Speaking on behalf of the family, Abbey Lincoln’s brother, David Wooldridge, Sr., said, "We are delighted that Abbey's collection will be part of the archive of the Rutgers Institute of Jazz Studies, which has such a fine reputation among musicians and scholars.  We’re confident that IJS is the right place to preserve these treasures and make them available for future generations. I look forward to working with the staff at Rutgers to ensure the continuation of Abbey's legacy.”

Abbey Lincoln was born Anna Marie Wooldridge in Chicago in 1930 but grew up on a farm in Michigan with her 11 siblings.  The family had a piano and the youngster was drawn to music at an early age. Inspired by the recordings of Billie Holiday, Dinah Washington, and Sarah Vaughan, she began to sing in church and school, and by her late teens was already working professionally.  She moved to California, spent a year in Hawaii, and upon her return to Los Angeles sang in local clubs and, changing her name to Abbey Lincoln, recorded her debut album for Liberty Records in 1956.  Around this time, the singer, who had proven to be a talented actress in high school, began to receive offers for film and stage appearances.  In 1957 she sang in the film The Girl Can’t Help It, in which she appeared in a gown worn by Marilyn Monroe, and toured in the stage show Jamaica.  Lincoln received a Golden Globe nomination for her 1968 appearance in For Love of Ivy with Sidney Poitier.

When she married drummer Max Roach, with whom she had collaborated on the landmark 1960 recording We Insist!

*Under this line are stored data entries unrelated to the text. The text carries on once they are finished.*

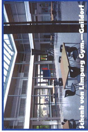
Schenk von Limpurg Gymnasium—Gaildorf

In che periodo dell'anno si svolge il progetto?
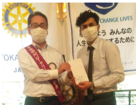
米山記念奨学会から奨学金授与
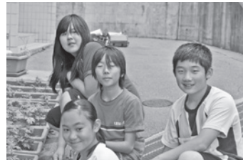
育てた苗の前で委員の皆さん

私は、ガーデンプロジェクトの活動をする中で、観光客や町の方々に喜んでもらえるようにしたいです。
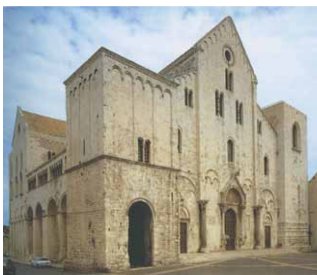
Собор во имя святителя Николая в Бари

Относительно недалеко от острова Корфу, всего в семи часах хождения (правда, по двум морям – Ионическому и Адриатическому), уже на итальянском берегу в городе Бари находится Собор во имя святителя Николая, которого нам привычнее называть Николаем Чудотворцем. Святой является воплощением милосердия и человеколюбия, заботы и защиты для слабых. Святитель Николай особенно почитаем в России.
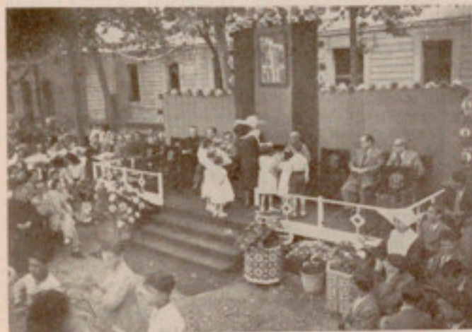
Del onomástico de la Madre Superiora. Presidencia del acto.
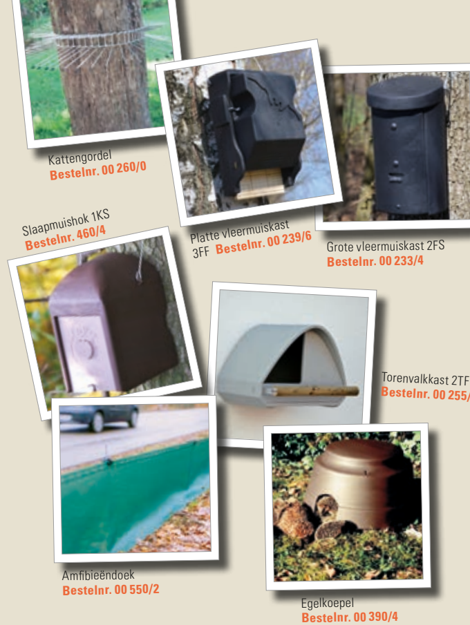
Kattengordel Bestelnr. 00 260/0
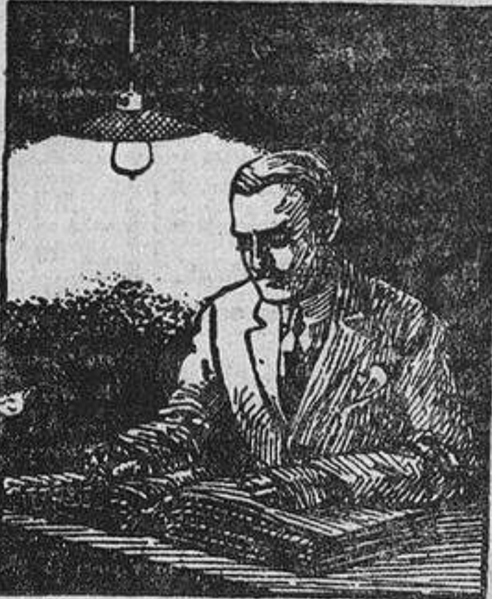
TRABAJANDO CON LÁMPARA DE FILAMENTO METÁLICO
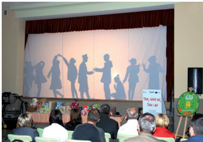
Spektakl „Za plotem” w wykonaniu słowackiej grupy teatralnej.
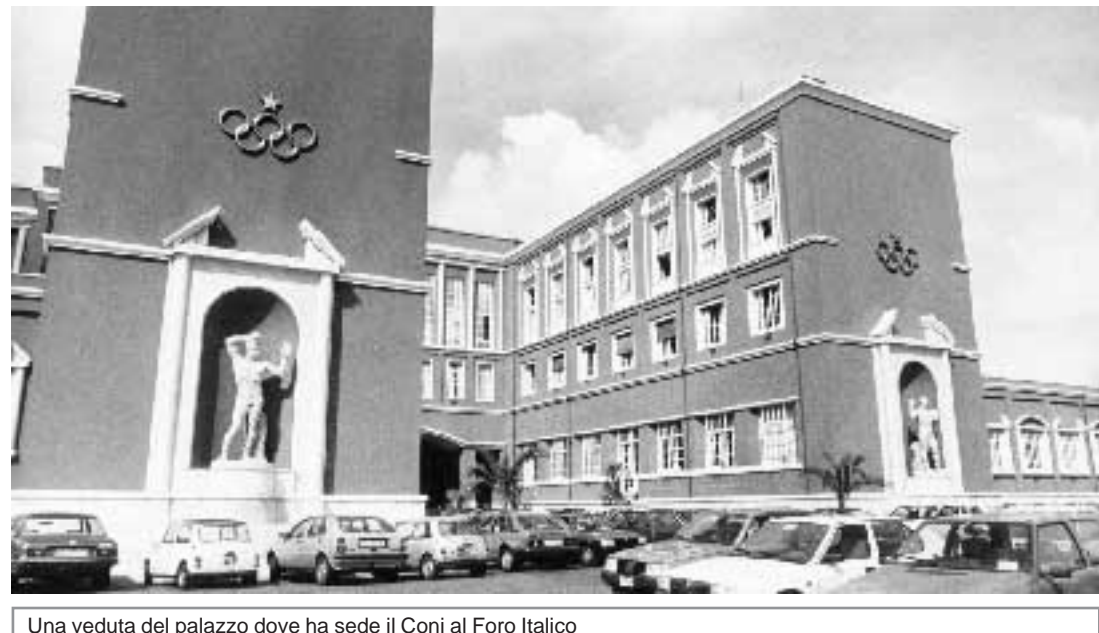
Una veduta del palazzo dove ha sede il Coni al Foro Italico

La convulsa giornata di ieri comincia con la convocazione del consiglio nazionale al quale il presidente, Petrucci, avrebbe dovuto illustrare lo statuto della nuova spa (società nella quale confluirà il Coni). Ma il governo fatica a mantenere anche queste promesse e lo statuto non arriva nella mani del presidente. Doveva partire dal ministero dell'Economia (che diventerà il tutor del Coni del futuro) la linea guida con le modalità per le designazioni del Cda della nuova azienda dello sport. E invece il documento non c'è, nonostante il Consiglio dei ministri avesse fissato al 16 settembre il termine ultimo per tutte le procedure. Un segnale inquietante che costringe il Coni ad operare senza indicazioni e soprattutto senza sapere come dovrà essere strutturata la società per azioni. Sulla nomina dei membri del Cda c'è, tra l'altro il timore che possano arrivare indica-
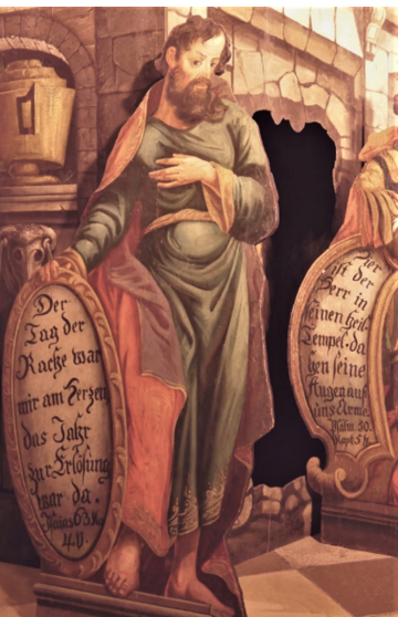
Bild links: Prophet Jesaja und Spruchtafel Davids; Bild rechts: Mose mit der Schlange, Jeremia.

König David trägt die Spruchtafel: „Hier ist der Herr in seinen heil. Tempel. da (se)hen seine Augen auf uns Arme. Psalm. 30. Kapt. 5 V.“ Richtigerweise ist hier aus Psalm 11,4 (10,5) zitiert, wo es um einen Verfolgten geht, der in Gott seine Zuflucht findet. König David (1000-960 v.Chr.) gilt nicht nur als Vorfahre von Jesus, „dem Sohn Davids“, sondern auch als Psalmendichter und Harfenspieler.
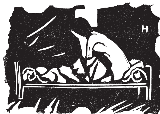
«מיטת נערה», תחריט מאת צבי גולן בירחון «שבתאי», ספטמבר 1913

בשתי שנותיו הראשונות בארץ, גר גולן בתל-אביב 26 . הוא הוקסם מבתי העיר ומתעוזת האדריכלים להגשים את הבנייה המודרנית, הושפע עמוקות מנופי הארץ ומהאור והצל האופייניים לה, וציוריו שינו את אופיים. עם הזמן החל להיות מוכר בחוגי הציור והפיסול והוזמן לבצע עבודות שונות, כמו קישוט בית כנסת באחד הקיבוצים הדתיים, עיצוב ארון
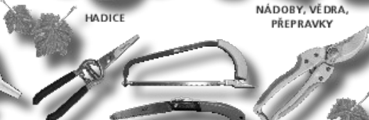
ZAHADNICKÉ NŮŽKY, NOŽE, PILKY

Freedom Now Suite, Lincoln became a committed civil rights and women's rights activist while continuing to evolve as an artist. She began to compose, delivering her own powerful and poetic lyrics in a very personal and evocative style that was entirely her own. In the 1990s, Lincoln’s made a series of recordings for Verve, which brought the singer even wider critical and popular acclaim and two Grammy award nominations. In 2003, she was named a National Endowment for the Arts Jazz Master, the nation’s highest jazz honor. In later years, Lincoln also turned to art, producing many evocative works in a number of media.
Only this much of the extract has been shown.